### [EXERCISE REQUIREMENTS]
Leaving out all pictures, copy the lines below exactly, from the line with "Pidax präsentiert die" to the last line, both ends included.

### [DATASET EXCERPT]
=-=-=-=-=
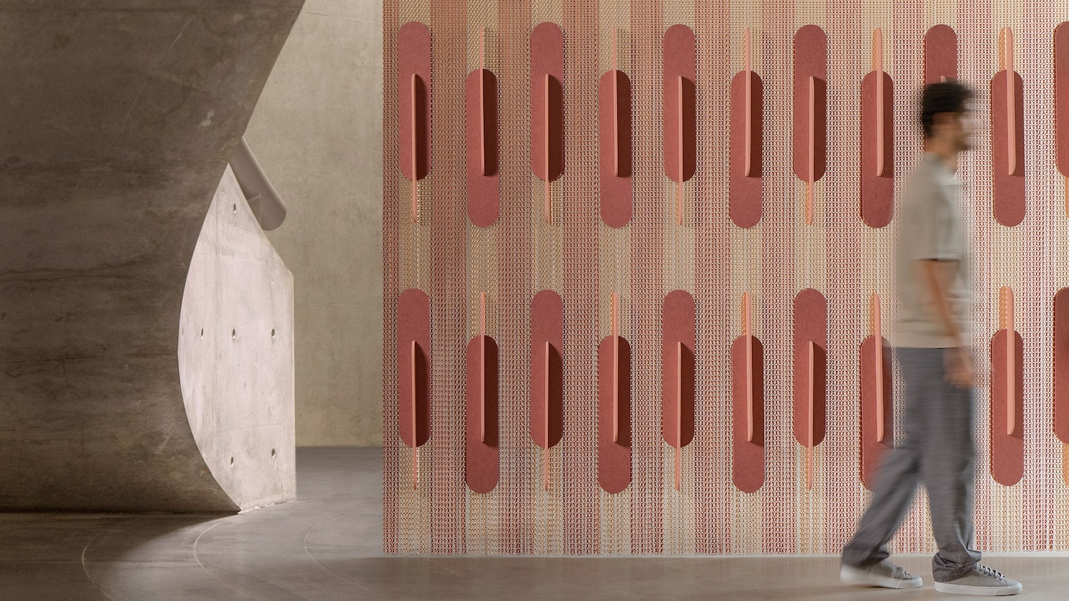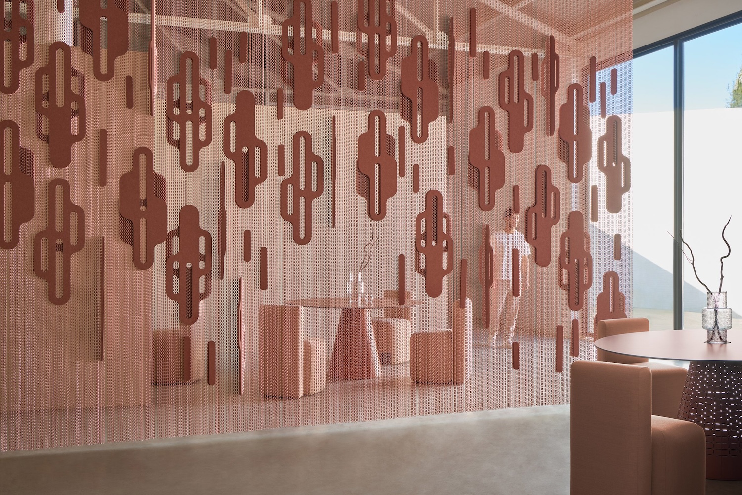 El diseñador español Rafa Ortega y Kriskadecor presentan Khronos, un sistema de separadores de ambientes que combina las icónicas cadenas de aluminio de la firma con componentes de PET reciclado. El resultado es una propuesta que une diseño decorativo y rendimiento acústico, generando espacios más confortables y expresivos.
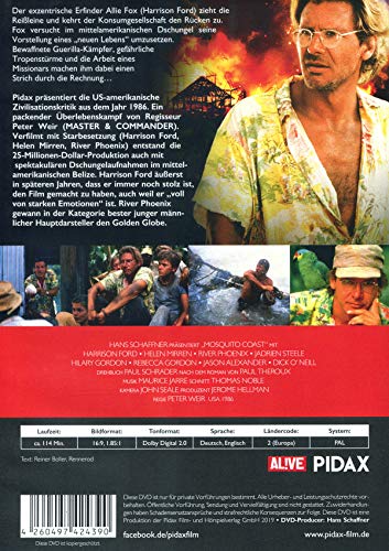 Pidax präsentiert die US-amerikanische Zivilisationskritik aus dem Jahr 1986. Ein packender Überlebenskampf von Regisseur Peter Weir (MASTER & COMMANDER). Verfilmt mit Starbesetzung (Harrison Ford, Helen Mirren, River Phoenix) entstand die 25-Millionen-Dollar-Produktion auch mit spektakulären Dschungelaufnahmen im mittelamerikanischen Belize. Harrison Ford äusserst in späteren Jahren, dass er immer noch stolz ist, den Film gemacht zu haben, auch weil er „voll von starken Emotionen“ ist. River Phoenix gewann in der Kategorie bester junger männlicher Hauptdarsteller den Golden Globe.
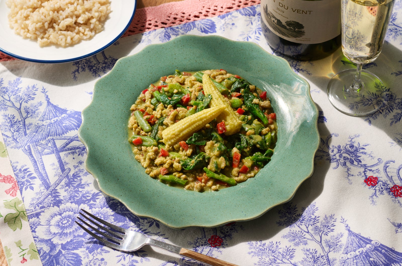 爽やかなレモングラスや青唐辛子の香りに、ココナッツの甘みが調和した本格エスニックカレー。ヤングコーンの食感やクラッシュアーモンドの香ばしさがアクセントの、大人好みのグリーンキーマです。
=-=-=-=-=
### [SOLUTION FOR THIS PROBLEM]
 Pidax präsentiert die US-amerikanische Zivilisationskritik aus dem Jahr 1986. Ein packender Überlebenskampf von Regisseur Peter Weir (MASTER & COMMANDER). Verfilmt mit Starbesetzung (Harrison Ford, Helen Mirren, River Phoenix) entstand die 25-Millionen-Dollar-Produktion auch mit spektakulären Dschungelaufnahmen im mittelamerikanischen Belize. Harrison Ford äusserst in späteren Jahren, dass er immer noch stolz ist, den Film gemacht zu haben, auch weil er „voll von starken Emotionen“ ist. River Phoenix gewann in der Kategorie bester junger männlicher Hauptdarsteller den Golden Globe.
 爽やかなレモングラスや青唐辛子の香りに、ココナッツの甘みが調和した本格エスニックカレー。ヤングコーンの食感やクラッシュアーモンドの香ばしさがアクセントの、大人好みのグリーンキーマです。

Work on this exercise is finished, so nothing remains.